If before the archmage was interested in psionics, now he found himself desperate for the art. Within this hive-mind lay all the components of all magic. Anything he might know, anything he might deign to know, would be in there, the secret of life itself.

“Perhaps,” Kimmuriel said, breaking him from his trance. He turned and stared at the drow, who merely shrugged.

“Come,” Kimmuriel bade him, moving to another stairway.

It was hard for Gromph to leave this place, even when Kimmuriel telepathically assured him that they would return soon enough.

Up the stairs and through a door, and the pair seemed to be walking through an invisible corridor, as if they were floating among the stars, all the colors of the universe splayed out around them, the shining lights unblocked by the ceilings of the Underdark and unblemished by the clouds of Toril.

Gromph had traveled to the Astral Plane before, but never like this, never secured in one place and untethered all at the same time. He felt as if he could simply leap from whatever platform might be beneath his feet and become one with the glory around him. And he was truly sorry when Kimmuriel led him through another substantial door, and into a solid room.

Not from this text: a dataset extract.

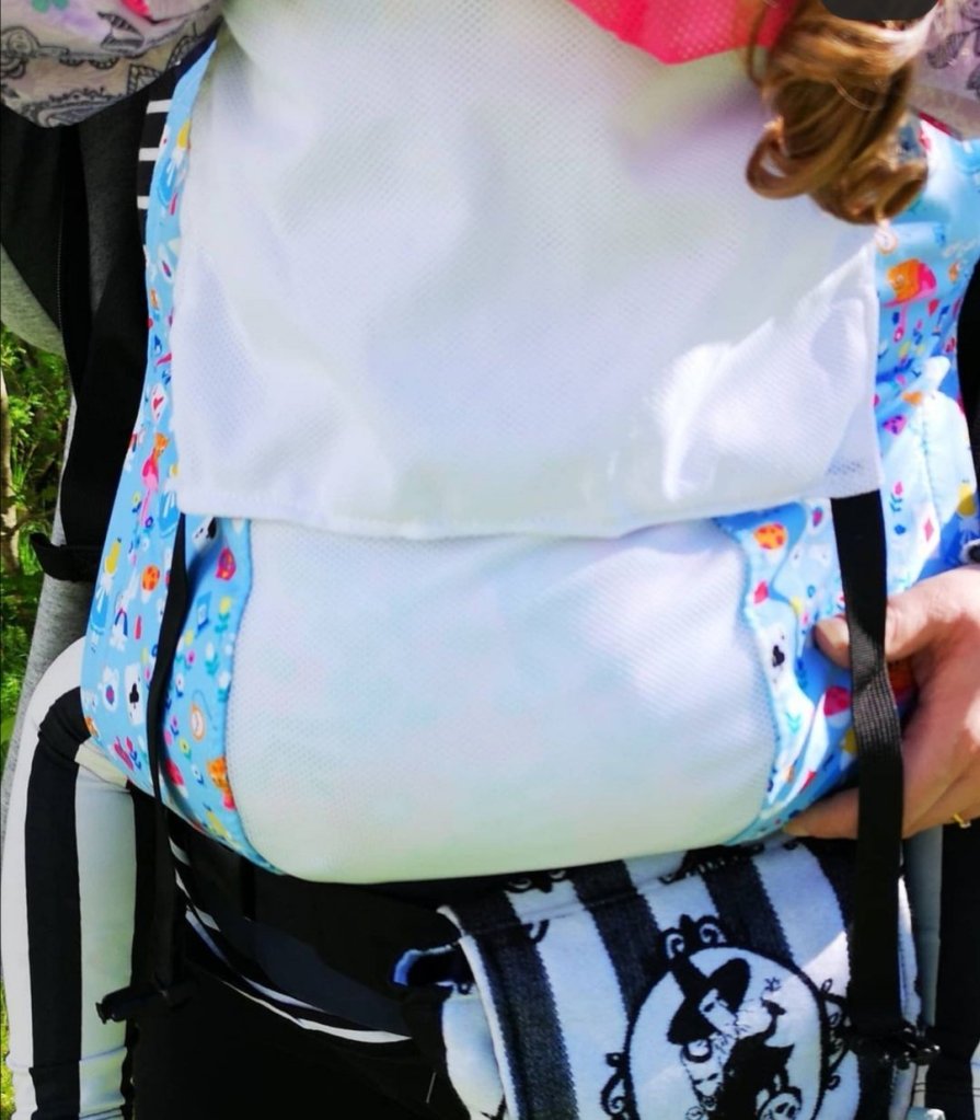 Muslin cloth is very useful in summer and can have multi purpose. You can use it to add aditional cover/shade. But you can also put it between you and baby when front carry to collect extra sweat when baby is especially sleeping or as a cooling addition if you use it wet. There are also specially designed “summer pillow” and “bibs” which can be detached to soft structure carrier with the same purpose.

A group of illithids milled about in there, none taking note of the new arrivals. Centering the room was a large pedestal, and upon it was set a crystal ball the size of a mountain giant’s head. Illithids moved to it and placed their hands upon it, tentacles waggling, and then they would move away, those strange appendages tapping those of another mind flayer as they shared thoughts on what they had seen.

After a few heartbeats, Kimmuriel nodded and led Gromph to the crystal ball. Following Kimmuriel’s lead, the archmage placed his hands gently on the hard surface and closed his eyes, and let come what may.

“K’yorl,” he whispered a moment later. Then he gasped, “Yvonnel?”

He understood that this was his daughter, and he found himself in the exchange between Yvonnel and Kimmuriel, a line of communication facilitated by K’yorl.

Lolth’s champion is chosen and the prince of demons approaches, Yvonnel told Kimmuriel. I will call upon you and you will give to me what I asked.

I cannot speak for the hive-mind, Kimmuriel replied, and Gromph knew it wasn’t the first time he had made that disclaimer. The fear in his thoughts were evident, the stakes apparently ultimate.

You will, Yvonnel told him.

Gromph could not sort it out fully, but it seemed to him that there was a great battle about to ensue, another proxy fight for Lady Lolth.

If Demogorgon is defeated, your crime will be pushed aside, Yvonnel went on, and it took Gromph a long breath to realize that she was communicating to him then, and not to Kimmuriel. Indeed, he was somehow certain that Kimmuriel hadn’t even heard that telepathic impartation.